Nemmeno due mesi dopo l'uscita del nuovo lavoro degli
Hellwell (che vede in formazione "
lo Squalo"
Shelton e
Randy Fox, ex drummer dei Manilla) ecco che il quasi sessantenne
Mark torna a farsi sentire con i suoi
Manilla Road dando un seguito al magniloquente "The Blessed Curse" (disco del 2015) e confermando la seconda giovinezza di questa band che, dal 2001 in poi, è tornata a sfornare dischi con regolarità.
Eh, i
Manilla Road, band tanto ignorata quanto preziosa. Non riesco davvero a capacitarmi di come possa passare inosservato un gruppo che ha contribuito ad inventare un genere (l'epic metal, per i kryptoniani) e perseverato nel portare in giro la loro musica pura per oltre quarant'anni. Tutti gli dobbiamo qualcosa. Lacrime a parte, il nuovo "
To Kill a King" prosegue sulla scia del suo predecessore senza prestarsi a chissà quali rivoluzioni (e meno male!) portando in dote un lotto di canzoni che più classiche non si può, dalla durata abbastanza elevata (siamo quasi sempre oltre i cinque minuti) e dal feeling difficilmente riscontrabile in altre band. Sí perché anche grazie ad una produzione naturale, rotonda, sporca il giusto, si riescono a sentire distintamente tutti gli strumenti e l'armonia che da essa deriva. C'è una coesione esemplare tra il cantato di
Patrick (ormai ci sarete abituati, spero), la bellissima batteria di
Neuderth, il basso pulsante sul fondo di
Phil Ross e la magica chitarra dei
Shelton.
Lo Squalo si prende anche il microfono in alcuni casi, tipo nella stupenda
The Arena, e subito scatta il fomento per uno dei pezzi più potenti del lotto, degna di apparire nella tracklist di un "
Open The Gates" o di un "
Mystification" con la sua potenza trascinante. Per lo più abbiamo a che fare con brani molto atmosferici, che legano testo e musica, che spesso partono in punta di piedi, quasi rarefatti, con una voce sussurrata, chitarre arpeggiate, poi piano piano prendono forma, mettendo muscoli dove servono ma rimanendo sempre fascinose e malinconiche il giusto. Tra gli esempi migliori di questo modo di comporre abbiamo sicuramente
In The Wake e
The Other Side, brani che se non vi emozionano... boh, vi meritate le Butcher Babies. In generale "

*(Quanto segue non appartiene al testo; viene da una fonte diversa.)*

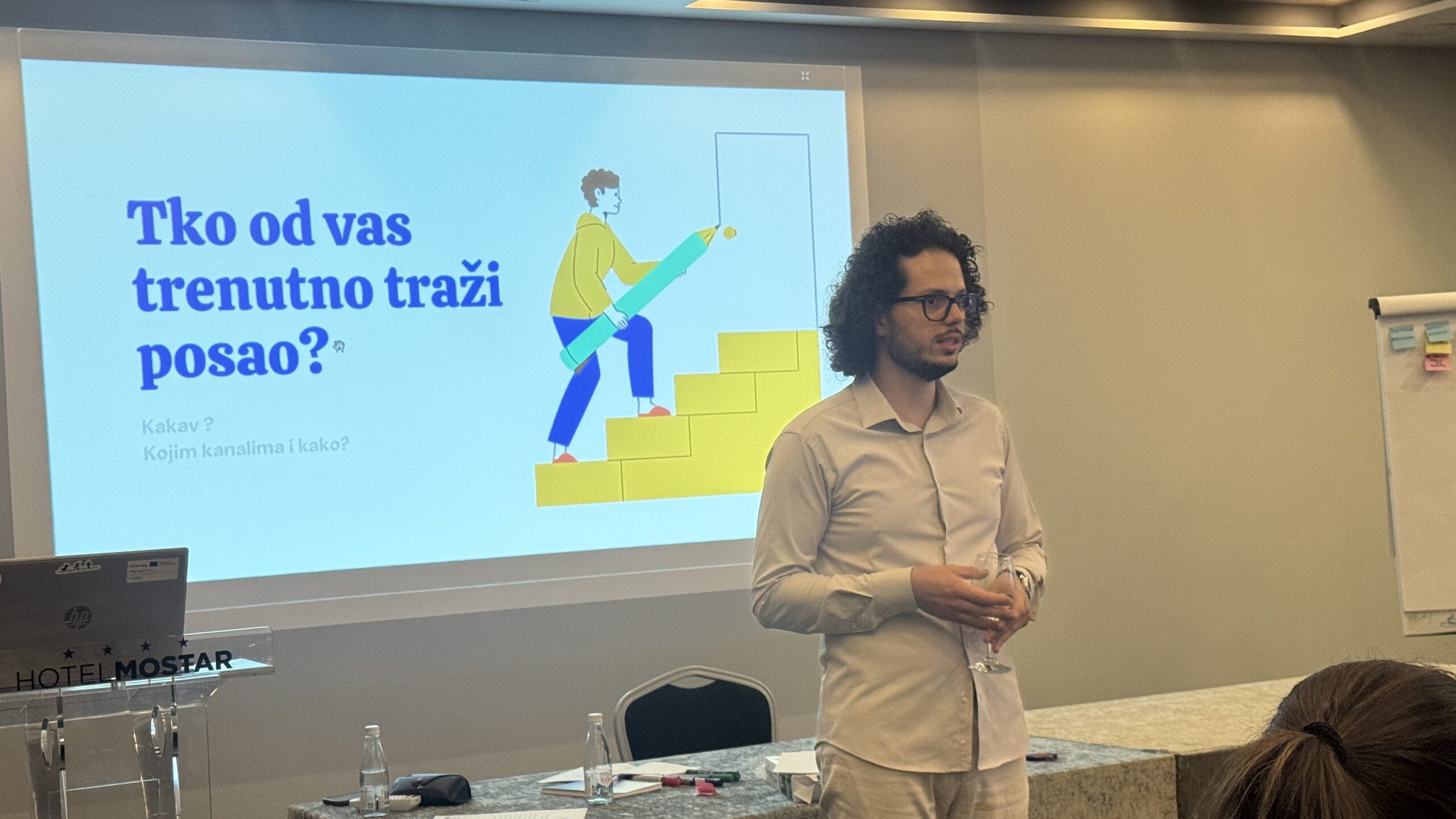 Na nedavnoj obuci o aktivnom traženju posla, koja je održana u okviru programa YourJob kojeg podržavaju Europska unija i Švedska kroz projekt EUzaZapošljavanje, Ivo je polaznike učio kako prepoznati vlastite vještine i predstaviti ih kroz životopis, motivacijsko pismo i intervju.

To Kill a King" è un disco vintage, vero, che gracchia e con gli schiocchi del vinile (sì, anche negli mp3), più "tranquillo" ed atmosferico del suo predecessore, che si presenta quasi come una lunga jam session. Pochi i momenti aggressivi in cui parte la doppia cassa e le valvole si saturano, tanti i momenti emozionanti in cui le canzoni ti toccano. Ecco, a volte gli assoli stridenti e le linee di chitarra vengono tirate un pochino per le lunghe, oltre il dovuto, ma ci sta che questa "gentaglia" si esprima come più gli aggrada, senza guardare in faccia a nessuno. Dopo quarant'anni se lo possono permettere. Avrete notato che ho parlato del disco senza entrare troppo nel dettaglio, senza fare un track by track, sottolineando solo alcune cose (pregi e difetti) ed evitando di paragonarlo alla produzione precedente, questo perché ritengo che non abbia nessun senso confrontare "
To Kill A King" con "
The Deluge" o con "
Voyager" ad esempio (mamma che disco...). I
Manilla Road non hanno MAI fatto un brutto disco (ok, qualcuno non gli è riuscito benissimo come "
The Circus Maximus" o "
Atlantis Rising"), il loro suono è sporco, semplice, epico e potente. Prendere o lasciare. Se lasciate, peggio per voi.